**Work required:** Restate each of the lines below word for word and drop every picture.

(Saved entries)
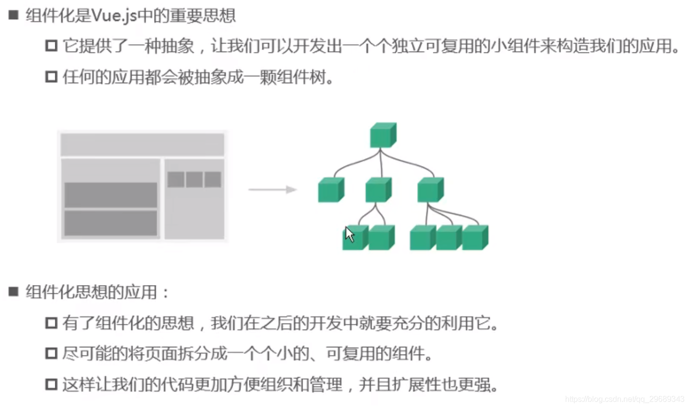 人的大脑处理问题的能力是有限的,当人们面对复杂问题的时候,很难一次性解决,但人的大脑也天生具有将问题拆解的能力,化繁为简,逐个解决,这种复杂问题拆解成多个小问题在程序中的表现就是组件化。在程序开发中,如果我们将一个复杂页面的所有逻辑都放在一起,势必导致逻辑混乱,难以阅读,不利于后续的管理和扩展。但如果我们将页面拆解成一个个小的功能块,每个功能块完成自己独立的功能,且这些功能块能够被应用到其他页面(可复用),那么程序的开发就会非常易于管理和扩展。
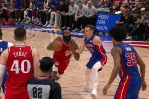 追平关键一球!哈登造成邓罗犯规打成2+1 活塞挑战失败
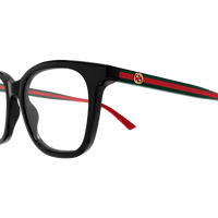 Commercial shape with the web detail on a slimmer temple. Squared cat-eye shape. Gucci interlocking logo on web temple. Commercial yet cool colour palette featuring institutional Green-Red-Green and Blue-Red-Blue web temples.
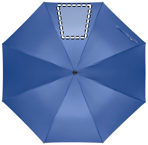 27 tums stormsäkert paraply med automatisk öppning i 190T RPET pongee. Skaft och ribbor av glasfiber. Handtag av vetestrå och återvunnet ABS. Tips och topp i plast.
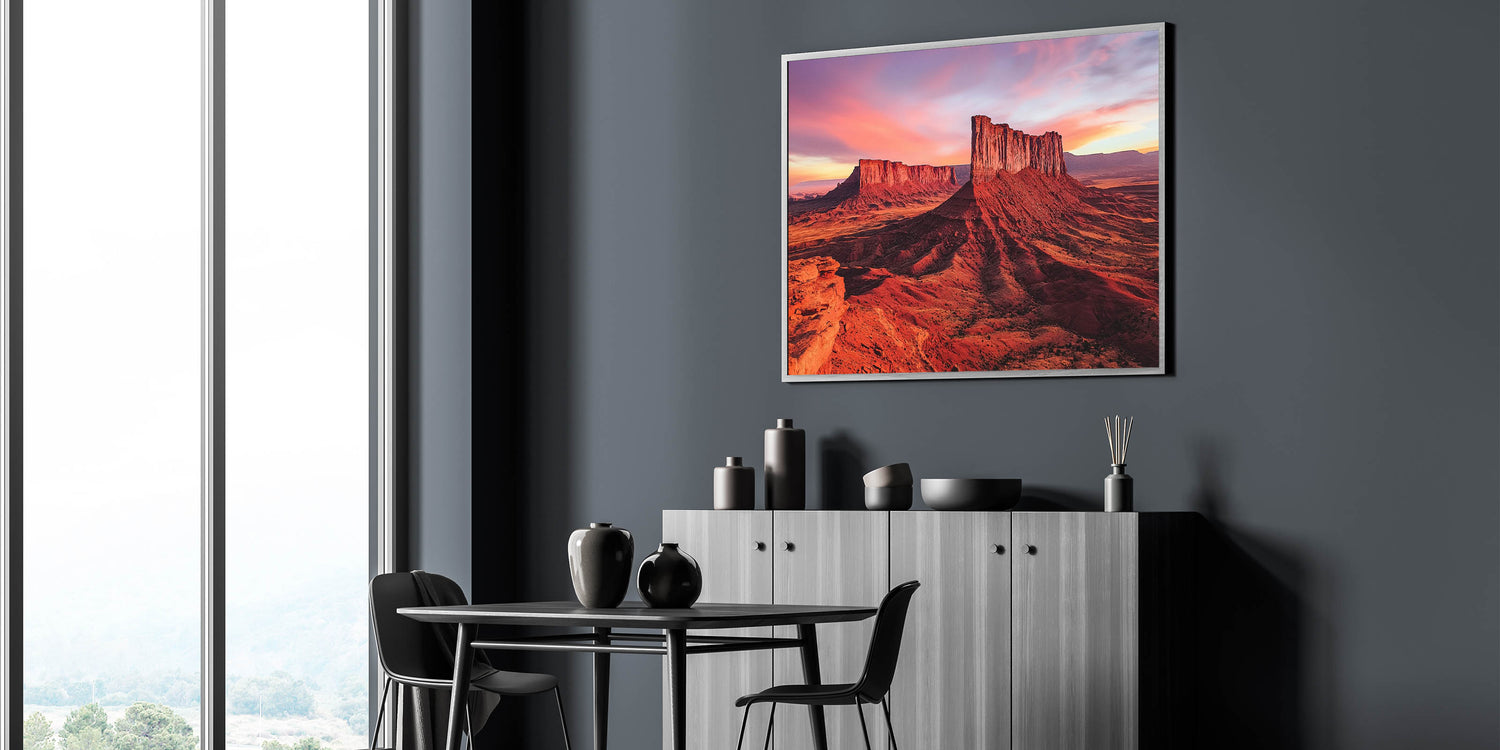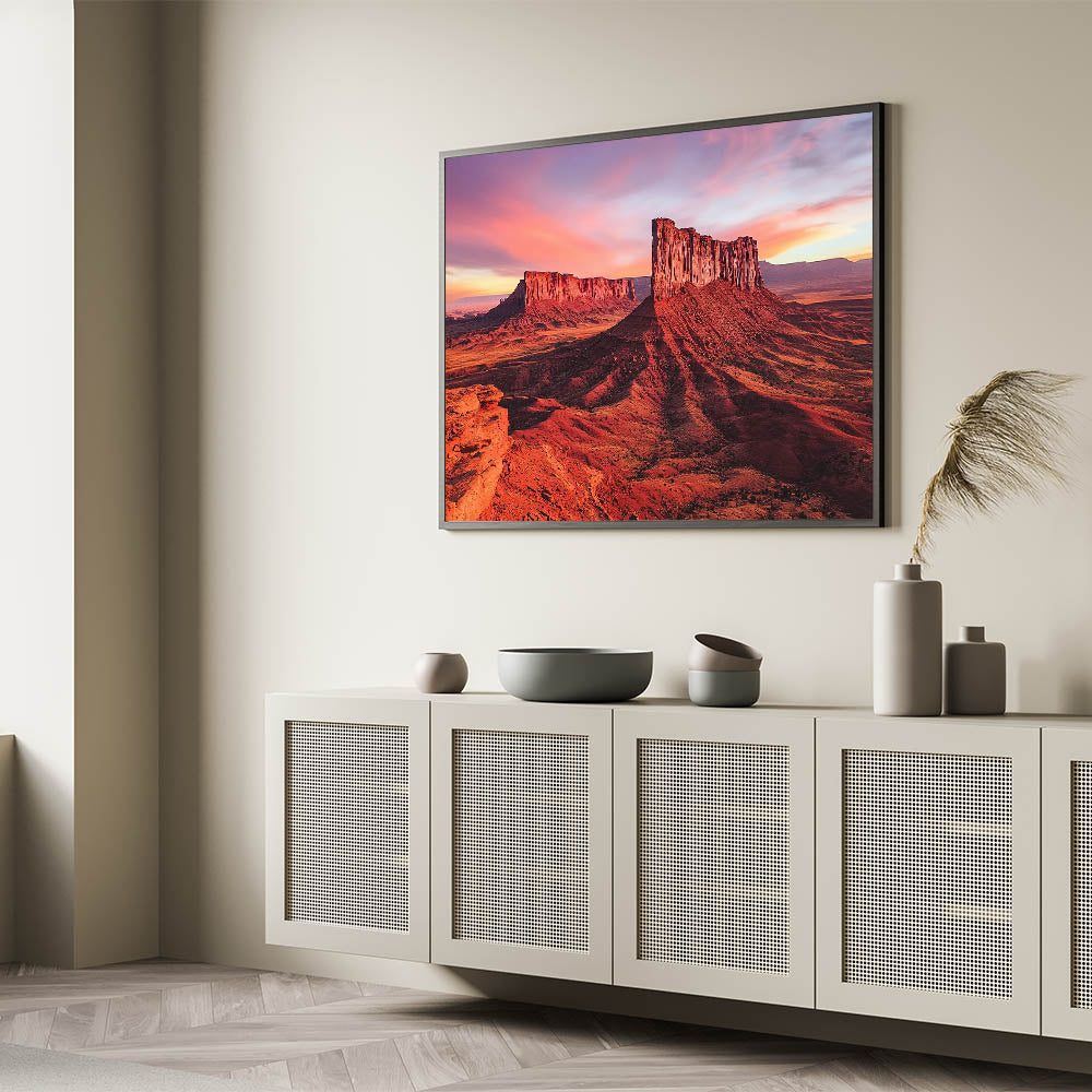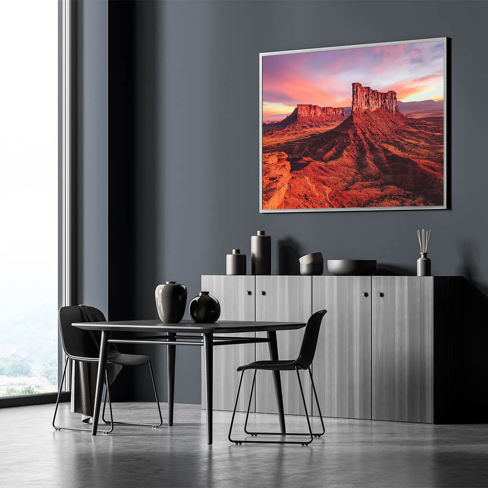 Immerse yourself in the breathtaking beauty of Vivid Monument Valley Wall Art. This artwork captures the iconic sandstone formations of Monument Valley glowing under the hues of a radiant sunrise, blending vibrant reds and soft pink skies. A stunning example of desert scenery prints, it brings warmth and natural elegance to any interior.

**Response to this exercise:**
 人的大脑处理问题的能力是有限的,当人们面对复杂问题的时候,很难一次性解决,但人的大脑也天生具有将问题拆解的能力,化繁为简,逐个解决,这种复杂问题拆解成多个小问题在程序中的表现就是组件化。在程序开发中,如果我们将一个复杂页面的所有逻辑都放在一起,势必导致逻辑混乱,难以阅读,不利于后续的管理和扩展。但如果我们将页面拆解成一个个小的功能块,每个功能块完成自己独立的功能,且这些功能块能够被应用到其他页面(可复用),那么程序的开发就会非常易于管理和扩展。
 追平关键一球!哈登造成邓罗犯规打成2+1 活塞挑战失败
 Commercial shape with the web detail on a slimmer temple. Squared cat-eye shape. Gucci interlocking logo on web temple. Commercial yet cool colour palette featuring institutional Green-Red-Green and Blue-Red-Blue web temples.
 27 tums stormsäkert paraply med automatisk öppning i 190T RPET pongee. Skaft och ribbor av glasfiber. Handtag av vetestrå och återvunnet ABS. Tips och topp i plast.
 Immerse yourself in the breathtaking beauty of Vivid Monument Valley Wall Art. This artwork captures the iconic sandstone formations of Monument Valley glowing under the hues of a radiant sunrise, blending vibrant reds and soft pink skies. A stunning example of desert scenery prints, it brings warmth and natural elegance to any interior.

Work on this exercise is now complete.